There is however another restriction on the scope of the Hamiltonian Dynamics at least in its original form which must be taken into account in attempting to form an estimate of its range of applicability. The kinetic energy of a system expressed in terms of the generalized velocities is a homogeneous quadratic function of those velocities which accordingly is unchanged in value if the signs of all the velocities be reversed without changing their magnitudes. It follows that the motions in the system are all capable of being described in the reverse order without being otherwise changed; in other words the motions described are all reversible motions. There is however evidence of overwhelming strength which emerged originally in connection with the theory of Heat that some small-scale motions which occur in nature must be regarded as irreversible at all events that we are unable by any means at our disposal to realize such motions in the reverse direction. This difficulty Helmholtz endeavoured to combat in his investigations on cyclical systems.

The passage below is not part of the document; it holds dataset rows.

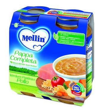 Mellin Pappa Completa Verdure Pastina e Pollo 100% Naturale – 12 Vasetti da 250 gr
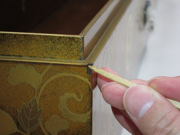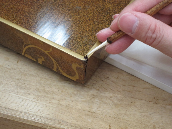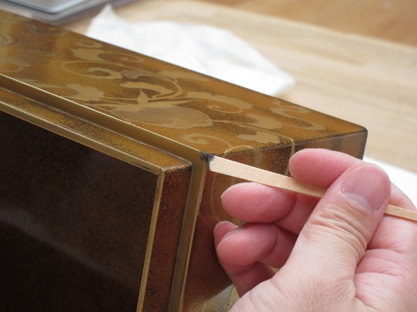 今回も、角の接合部分において隙間が生じていたため、充填接着に適した粘度の高い麦漆を溶剤で希釈して、亀裂から流し込み、接着をして安定させました。
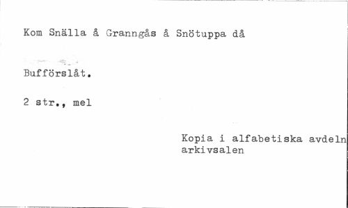 //// Kom Snälla å Granngås å Snötuppa då //// Bufförslåt. 2 str., mel //// Kopia i alfabetiska avdeln arkivsalen ////
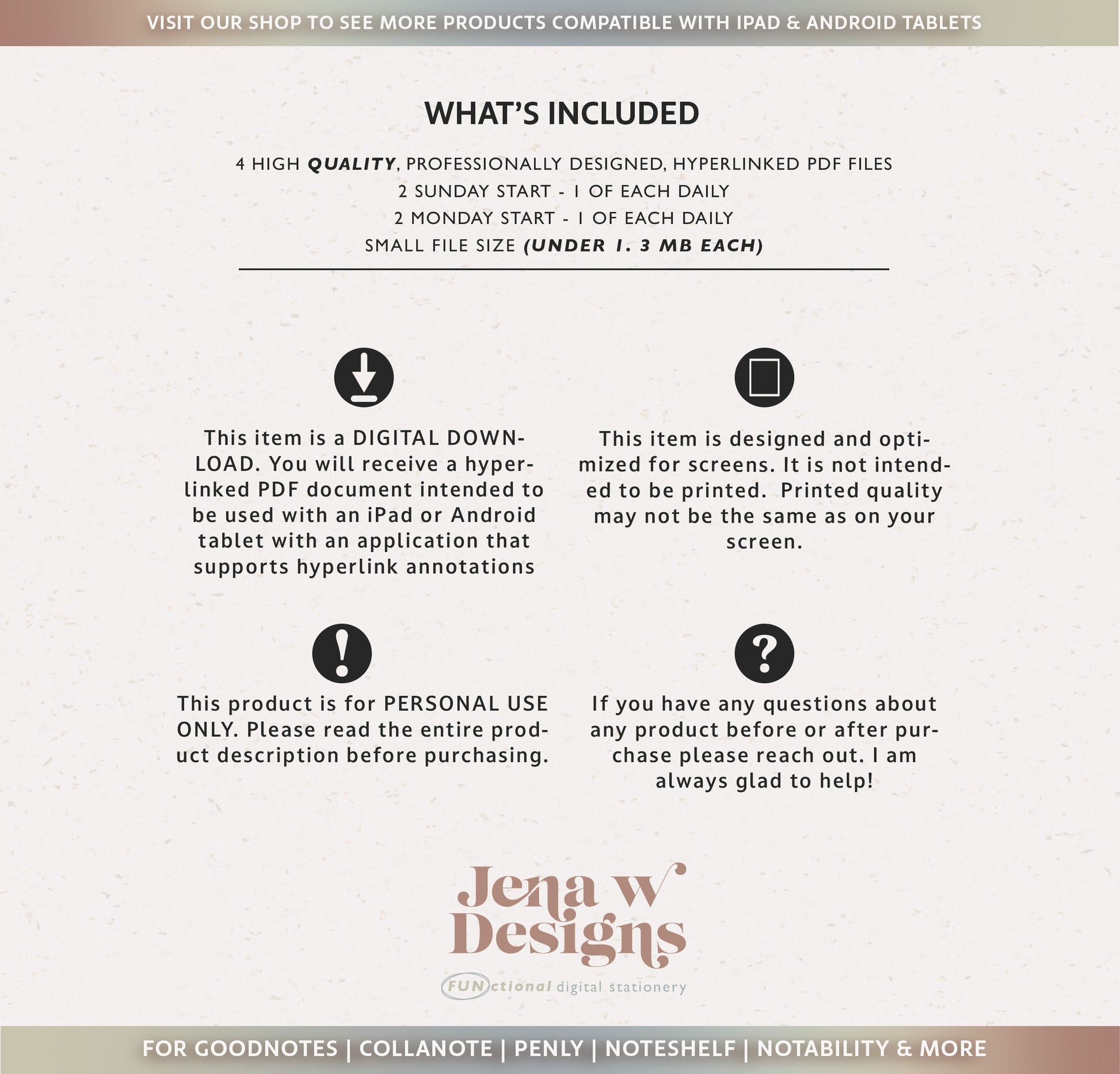 - 4 hyperlinked pdf files of your digital planner ( 2 Sunday and 2 Monday Start) to use in your preferred annotated hyperlink app such as GoodNotes. Review the compatibility tab if you would like to learn more about apps that work with digital pdf templates.
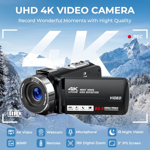 Specification: Camcorder Video Camera 4K HD 80MP Vlogging Camera for YouTube IR Night Vision Camera 18X Digital Zoom 3.0 IPS Screen Video Recorder with 32GB SD Card, 2 Batteries, Remote Control

He showed that by elimination of the coordinates which represent certain concealed stationary motions in a system the kinetic energy is expressed in a form which involves not only quadratic but also linear terms in the remaining velocities of the system; and in that case the Lagrangian equation would lead to motions which are irreversible in default of means for reversing the concealed motions of small parts of the system. In this connection Helmholtz has pointed out the necessity of considering more general forms than the original one of the expression for what he terms the kinetic potential of a system; by which is denoted in the original scheme the difference between the potential and the kinetic energy. The attempts made by Helmholtz and others to construct a mechanics based on the conception of energy and on the hypotheses of the conservation of energy and the principle of least action only without having recourse to atomic assumptions which should be applicable to thermal electrical and chemical phenomena have been only partially successful especially as the difficulties connected with the interpretation of the irreversibility of many physical processes have not been overcome.
The most completely developed physical theory dependent upon the principle of the Conservation of Energy supplemented by another principle not immediately obtainable from Classical Mechanics is the theory of Heat known as Thermodynamics. Before the time of Rumford and Davy heat was regarded for the most part as an indestructible substance caloric. It was supposed that when caloric entered a body the effect of combination was in general an expansion of the body; even when contraction was the result of the combination the analogy of certain chemical combinations such as that of potassium and oxygen could be appealed to. The phenomenon of conduction of heat as transference of caloric presented no difficulty. The difference of specific heat of various substances was explained by assuming that they required different amounts of caloric to be mixed with them in order to produce equal changes of temperature. Black's theory of the latent heat of water assumed that water differs from ice at the same temperature in containing an admixture of a definite equivalent of caloric which was represented by a molecular state of the body which does not exhibit itself in the form of a rise of temperature. Thus the theory of caloric provided a plausible explanation of the most prominent thermal phenomena with however the important exception of the production of heat by friction or concussion frequently recognized by the adherents of the theory as not capable of satisfactory explanation.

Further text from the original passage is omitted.